Material to process
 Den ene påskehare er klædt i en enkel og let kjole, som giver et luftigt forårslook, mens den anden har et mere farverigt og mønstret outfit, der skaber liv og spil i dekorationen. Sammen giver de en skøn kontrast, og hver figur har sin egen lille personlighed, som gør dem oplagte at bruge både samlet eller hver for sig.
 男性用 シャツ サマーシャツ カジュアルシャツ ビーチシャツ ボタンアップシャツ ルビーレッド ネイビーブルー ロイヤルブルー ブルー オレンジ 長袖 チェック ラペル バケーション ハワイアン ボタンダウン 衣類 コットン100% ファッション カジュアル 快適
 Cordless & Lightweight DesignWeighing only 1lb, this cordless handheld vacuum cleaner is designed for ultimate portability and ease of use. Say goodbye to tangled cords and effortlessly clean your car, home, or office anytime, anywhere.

---

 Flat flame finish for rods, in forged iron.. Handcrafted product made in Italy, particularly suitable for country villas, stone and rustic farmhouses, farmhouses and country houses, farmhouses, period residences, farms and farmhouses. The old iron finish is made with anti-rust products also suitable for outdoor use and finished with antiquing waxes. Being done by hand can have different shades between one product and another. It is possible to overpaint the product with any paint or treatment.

What you have to do
Please return only the lines above, starting at the line that has "Den ene påskehare" and ending at the line that has "Cordless & Lightweight", keeping both and leaving each one unchanged.

Answer section
 Den ene påskehare er klædt i en enkel og let kjole, som giver et luftigt forårslook, mens den anden har et mere farverigt og mønstret outfit, der skaber liv og spil i dekorationen. Sammen giver de en skøn kontrast, og hver figur har sin egen lille personlighed, som gør dem oplagte at bruge både samlet eller hver for sig.
 男性用 シャツ サマーシャツ カジュアルシャツ ビーチシャツ ボタンアップシャツ ルビーレッド ネイビーブルー ロイヤルブルー ブルー オレンジ 長袖 チェック ラペル バケーション ハワイアン ボタンダウン 衣類 コットン100% ファッション カジュアル 快適
 Cordless & Lightweight DesignWeighing only 1lb, this cordless handheld vacuum cleaner is designed for ultimate portability and ease of use. Say goodbye to tangled cords and effortlessly clean your car, home, or office anytime, anywhere.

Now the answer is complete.